--- START ---

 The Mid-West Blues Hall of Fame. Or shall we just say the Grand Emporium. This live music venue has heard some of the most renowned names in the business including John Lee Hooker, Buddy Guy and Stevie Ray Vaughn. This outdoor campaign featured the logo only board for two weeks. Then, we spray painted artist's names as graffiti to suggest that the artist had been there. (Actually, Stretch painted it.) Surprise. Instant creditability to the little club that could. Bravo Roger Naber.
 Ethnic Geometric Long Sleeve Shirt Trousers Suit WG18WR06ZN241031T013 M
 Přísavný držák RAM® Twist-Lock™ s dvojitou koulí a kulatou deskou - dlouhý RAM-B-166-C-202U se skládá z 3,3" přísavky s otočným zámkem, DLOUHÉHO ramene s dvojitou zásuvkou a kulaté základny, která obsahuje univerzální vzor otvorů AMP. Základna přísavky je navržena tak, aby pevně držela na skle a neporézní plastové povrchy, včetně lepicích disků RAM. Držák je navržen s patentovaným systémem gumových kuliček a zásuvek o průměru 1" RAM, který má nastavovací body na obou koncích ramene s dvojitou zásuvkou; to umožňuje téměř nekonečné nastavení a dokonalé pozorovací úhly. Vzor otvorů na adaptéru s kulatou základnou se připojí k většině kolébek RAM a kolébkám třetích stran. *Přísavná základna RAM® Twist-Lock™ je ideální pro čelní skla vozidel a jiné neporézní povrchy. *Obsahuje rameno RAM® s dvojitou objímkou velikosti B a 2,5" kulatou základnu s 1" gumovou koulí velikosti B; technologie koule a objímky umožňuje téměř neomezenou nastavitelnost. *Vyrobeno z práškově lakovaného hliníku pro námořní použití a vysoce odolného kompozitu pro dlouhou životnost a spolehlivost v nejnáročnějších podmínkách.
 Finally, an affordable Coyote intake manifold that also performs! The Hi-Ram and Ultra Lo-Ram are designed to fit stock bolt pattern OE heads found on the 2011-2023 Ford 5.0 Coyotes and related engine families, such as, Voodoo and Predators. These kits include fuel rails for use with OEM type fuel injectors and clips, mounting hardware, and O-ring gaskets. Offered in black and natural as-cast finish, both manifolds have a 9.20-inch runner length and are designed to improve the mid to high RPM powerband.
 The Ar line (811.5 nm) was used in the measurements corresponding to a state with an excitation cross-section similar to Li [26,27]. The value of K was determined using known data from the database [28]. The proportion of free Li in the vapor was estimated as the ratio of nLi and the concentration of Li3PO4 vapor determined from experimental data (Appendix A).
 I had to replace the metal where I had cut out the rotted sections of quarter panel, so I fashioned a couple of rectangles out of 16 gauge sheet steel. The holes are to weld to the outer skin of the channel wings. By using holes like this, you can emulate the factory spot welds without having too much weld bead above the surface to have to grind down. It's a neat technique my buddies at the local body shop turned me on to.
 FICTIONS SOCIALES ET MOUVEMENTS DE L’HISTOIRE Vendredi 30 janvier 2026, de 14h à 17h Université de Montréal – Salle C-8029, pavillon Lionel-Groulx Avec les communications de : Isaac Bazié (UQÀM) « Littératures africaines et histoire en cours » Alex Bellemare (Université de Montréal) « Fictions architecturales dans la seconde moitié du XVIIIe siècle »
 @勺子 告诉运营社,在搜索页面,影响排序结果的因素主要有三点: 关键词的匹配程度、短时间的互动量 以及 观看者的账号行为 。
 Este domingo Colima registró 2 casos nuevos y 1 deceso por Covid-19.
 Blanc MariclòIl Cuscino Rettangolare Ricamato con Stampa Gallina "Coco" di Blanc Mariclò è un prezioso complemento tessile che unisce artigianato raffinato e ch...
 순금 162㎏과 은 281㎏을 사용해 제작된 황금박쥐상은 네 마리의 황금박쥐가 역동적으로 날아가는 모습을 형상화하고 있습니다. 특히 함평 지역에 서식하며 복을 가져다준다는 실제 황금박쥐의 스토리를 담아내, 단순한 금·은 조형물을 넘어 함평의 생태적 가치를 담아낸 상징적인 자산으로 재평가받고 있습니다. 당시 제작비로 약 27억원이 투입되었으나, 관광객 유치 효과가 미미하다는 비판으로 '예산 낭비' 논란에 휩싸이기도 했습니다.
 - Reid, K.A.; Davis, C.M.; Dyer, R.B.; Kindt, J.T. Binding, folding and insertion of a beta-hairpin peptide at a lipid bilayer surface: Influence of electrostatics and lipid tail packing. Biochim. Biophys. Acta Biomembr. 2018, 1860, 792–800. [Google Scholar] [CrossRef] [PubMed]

--- END ---

◆ What is being asked:
Retype word for word everything in the listing above from the line that holds "Finally, an affordable" down to the line that holds "The Ar line". Keep both end lines and leave out the rest.

◆ Solution to this problem:
 Finally, an affordable Coyote intake manifold that also performs! The Hi-Ram and Ultra Lo-Ram are designed to fit stock bolt pattern OE heads found on the 2011-2023 Ford 5.0 Coyotes and related engine families, such as, Voodoo and Predators. These kits include fuel rails for use with OEM type fuel injectors and clips, mounting hardware, and O-ring gaskets. Offered in black and natural as-cast finish, both manifolds have a 9.20-inch runner length and are designed to improve the mid to high RPM powerband.
 The Ar line (811.5 nm) was used in the measurements corresponding to a state with an excitation cross-section similar to Li [26,27]. The value of K was determined using known data from the database [28]. The proportion of free Li in the vapor was estimated as the ratio of nLi and the concentration of Li3PO4 vapor determined from experimental data (Appendix A).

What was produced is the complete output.